Hearing Investigation Notes from Erika Whittome and Karen Glass, N8 Union Advaocates
Karen (N8 Advocate): What do you think consultation with the employee means to you?
Manager: Talking to her about it
Karen: talking with an open mind. Did you discuss or propose any alternatives?
Manger: no
Karen: in the policy what were you thinking of when it says “reasonable alternatives”? At 3.8 of your policy: mwwl will explore all available and reasonable alternatives in consultation with the employee…
Manager: Well, there weren’t any. I don’t know, I can’t remember what the alternatives… I hoped there would have been alternatives, I don’t know, I can’t remember.
Karen How long have you worked in the MWWL,
Manager: since 2018
Karen: Did you consider rapid antigen testing?
Manager: wasn’t at the time there was a korero later in the year or the following year. They just had to be vaccinated.
Karen: The policy said you would consider all the alternatives, so you didn’t do what a fair and reasonable employer could do at the time.
Manager: (silence)
Karen: You have some responsibility as PCBU to at least look at a safety concern. You have certain obligations under HSWA, even if you don’t agree there’s a problem, there’s a duty to look at the problem and not just dismiss it. Why wasn’t that done?

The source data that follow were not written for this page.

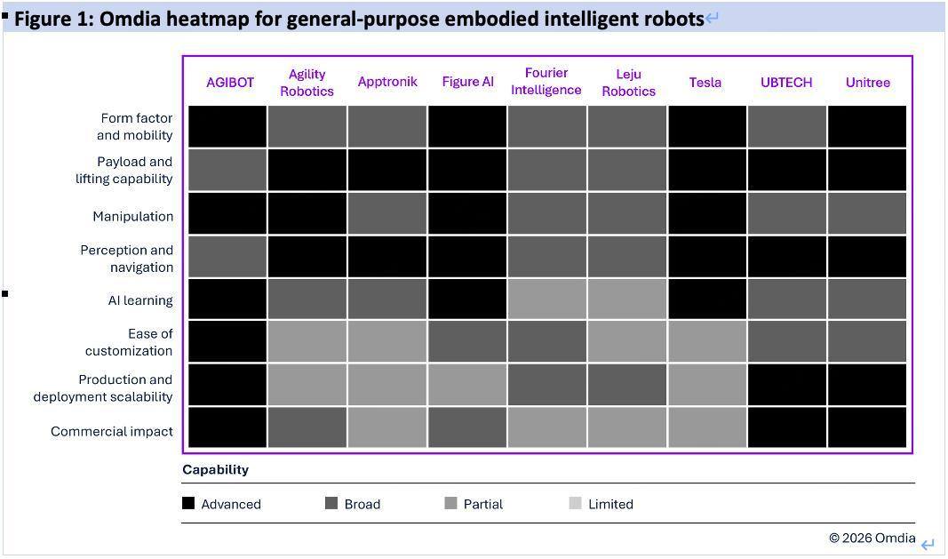 Omdia采用热力图模型对全球主流厂商进行了综合评估,涵盖产品形态、负载性能、灵巧操作、感知导航、AI学习、定制便捷、规模量产、规模商用共八项维度。智元在上述六项评估维度中获得最高评级(Advanced Capability),是本次评估中获得最多最高评级的厂商。
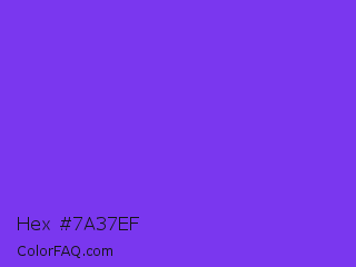 Hex #7a37ef Color is a normal violet color and the nearest color is Blue Violet #8a2be2. Hex code #7a37ef and RGB value is rgb(122,55,239). In RGB color space, this color is composed of 48% red, 22% green, 94% blue, In CMYK color space, this color is composed of 49% cyan, 77% magenta, 0% yellow , 6% black , In HSL color space, this color has a hue angle of 262° , 85% saturation and 58% lightness.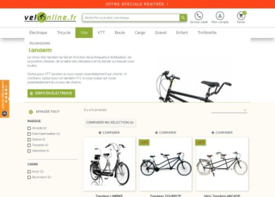La société Velonline vous présente une large gamme de velo tandem à prix malin. beaucoup de marques disponibles ainsi que plusieurs coloris sont là po...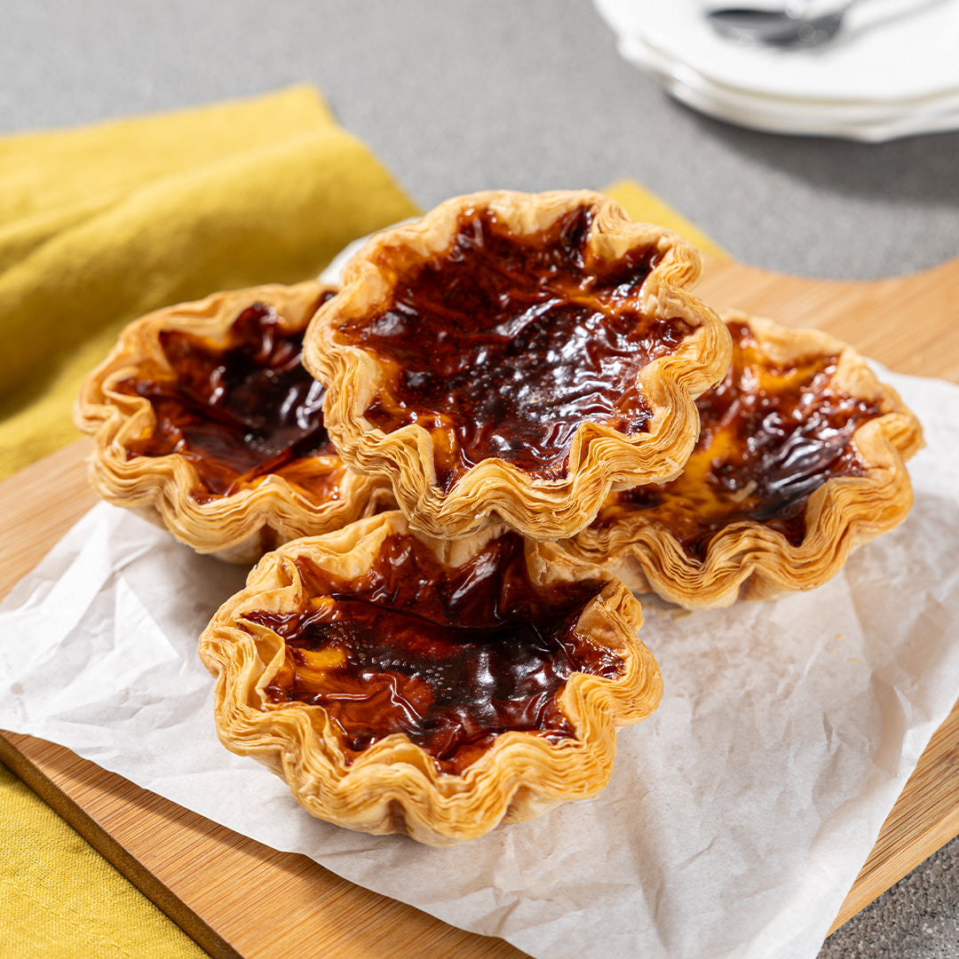 In a set of 4, delight in our vegetarian Egg Tarts, where creamy custard meets a flaky puff pastry. Infused with hints of cinnamon and lemon zest, this dessert is naturally sweetened to enhance its delicate flavors without any added sugar.
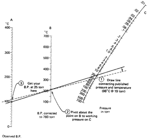 The pressure-temperature nomograph (Fig. 103) is really just a simple, graphical application of the Clausius-Clapeyron equation. If you know the heat of vaporization of a substance, as well as its normal boiling point, you can calculate the boiling point at another temperature. You do have to assume that the heat of vaporization is constant over the temperature range you're working with, and that's not always so. Where's the heat of vaporization in the nomograph? One is built into the slope and spacings on the paper. And, yes, that means that the heat of vaporization is forced to be the same for all compounds, be they alkanes, aldehydes, or ethers. So do not be surprised at the inaccuracies in this nomograph, be amazed that it works as well as it does.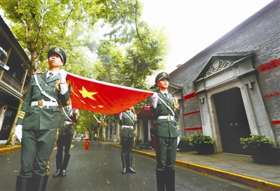 7月1日清晨,中共一大会址举行升国旗仪式。

Manager: um um. Yeah, I don’t know why it wasn’t done, like I said before, short of calling her every day. I looked at the control pass.
Karen: As a PCBU you have a duty to investigate it, even if you don’t agree with it. You need to look at it.

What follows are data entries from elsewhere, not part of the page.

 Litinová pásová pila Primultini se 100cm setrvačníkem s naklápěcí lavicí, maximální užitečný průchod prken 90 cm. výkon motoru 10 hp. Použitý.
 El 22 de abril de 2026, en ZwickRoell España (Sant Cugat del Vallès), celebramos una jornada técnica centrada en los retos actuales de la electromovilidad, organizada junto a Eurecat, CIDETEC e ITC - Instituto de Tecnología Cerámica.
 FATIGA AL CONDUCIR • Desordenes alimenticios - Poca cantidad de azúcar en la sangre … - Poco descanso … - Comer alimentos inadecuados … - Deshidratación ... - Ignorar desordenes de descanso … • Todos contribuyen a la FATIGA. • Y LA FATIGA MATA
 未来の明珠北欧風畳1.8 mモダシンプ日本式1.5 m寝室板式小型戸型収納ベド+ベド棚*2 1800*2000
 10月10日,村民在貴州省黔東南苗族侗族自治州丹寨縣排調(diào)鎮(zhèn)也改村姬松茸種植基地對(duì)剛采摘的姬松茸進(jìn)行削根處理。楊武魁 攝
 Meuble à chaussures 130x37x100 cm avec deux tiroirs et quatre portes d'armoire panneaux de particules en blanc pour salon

Manager: I didn’t know as a PCBU. I didn’t know that.
Karen: but you were concerned about the health and safety of the workers….
MWWL Lawyer: Asked and answered.
Employment Court finds Ms Preece did raise a personal greivance
Judge Holden overturns Employment Relation Authority decision –
“Accordingly, I find that Ms Preece did raise an unjustifiable disadvantage personal grievance about the adoption of the vaccination policy in her email of 30 January 2022, which was within the requisite 90-day period from the adoption of that policy in December 2021.”